From start to finish, the measles test takes about five hours, Strain said. Lab staff can process 10 measles specimens at a time and up to 30 specimens in day — though that’s a stretch, she noted. In comparison, the lab can process up to 150 flu samples in day and often does.

“As hard as it’s been in the lab, it’s been even harder for our epidemiologists — they’ve had more than 7,000 contacts to trace and to follow up on,” said Joanne Bartkus, PhD, director of the Minnesota Public Health Laboratory. “It’s been daunting for all of us.”

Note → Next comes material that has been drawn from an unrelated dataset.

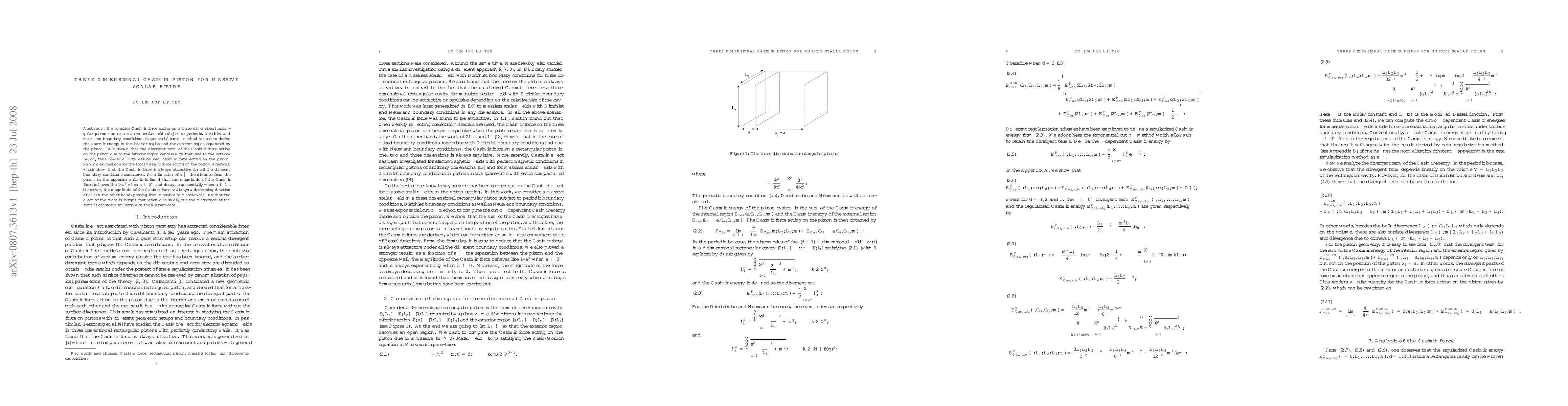 This paper investigates the Casimir force on a three-dimensional rectangular piston due to a massive scalar field under various boundary conditions. The study reveals that the Casimir force is always attractive and finite, with a magnitude that behaves as $1/a^4$ when the piston is close to the opposite wall and decays exponentially at larger distances.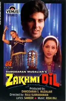 Zakhmi Dil is a 1994 Indian Hindi action film directed by Raju Subramaniam.[1] It stars Akshay Kumar, Ravi Kishan and Ashwini Bhave in lead role.[2]

Vetter said that most of the lab’s current surge and response capacity is thanks to federal public health preparedness funding as well as funding from CDC’s Epidemiology and Laboratory Capacity for Infectious Diseases (ELC) Program, both of which currently sit on the budgetary chopping block. On preparedness, President Trump’s fiscal year 2018 budget proposal calls for cutting CDC’s emergency preparedness budget by $136 million — that’s on top of years of preparedness cuts public health agencies have already absorbed. (In total, Trump’s budget calls for cutting CDC’s budget by $1.2 billion, or a whopping 17 percent.) The ELC, on the other hand, is wholly entwined with the Affordable Care Act’s Prevention and Public Health Fund, which allocates $40 million in annual ELC funds to state and local health departments in every state. Under current ACA repeal-and-replace bills in Congress, the Prevention and Public Health Fund would disappear.

And while ELC and preparedness monies don’t categorically support the Minnesota lab’s vaccine-preventable disease work, Vetter said the funds have been essential in ensuring the lab can quickly scale up its response, regardless of whether the emergency is vaccine-preventable or not. In other words, the Minnesota lab has spent years building an all-hazards response system that readies it to face any health threat that lands at its doorstep. Being able to sustain that nimbleness, however, would be at risk if funding declined.

“Without that funding, we’d probably have to choose what we respond to because we’d run out of people and out of machines — we just couldn’t keep up,” Vetter said. “If our funding gets cut, we can’t maintain our machines, we can’t replace machines, we can’t train more people … what we do is very complex.”

At the same time the Minnesota Virology/Immunology Unit has been responding to the measles outbreak, it’s also been responding to a mumps outbreak on the University of Minnesota-Twin Cities campus, providing surge testing for a mumps outbreak in Washington state that recently hit nearly 900 cases, and taking in and testing about 20 specimens a week for Zika virus. All of that is in addition to its more regular duties, like rabies and West Nile monitoring.

In the wake of the measles outbreak, Minnesota Health Commissioner Edward Ehlinger, MD, MSPH, called on state policymakers to create and support a public health response contingency fund. Such a bill was introduced into the Minnesota House of Representatives for consideration in May.

“Our commissioner always says that data are the coins of public health,” Bartkus said. “And it’s the public health lab that creates that data.”

As of late May, Strain said the Minnesota measles outbreak — which exceeded total U.S. cases for all of 2016 — seemed to be entering a “tapering phase.” As she said that, however, she paused — and quickly added “we all just knocked on wood.”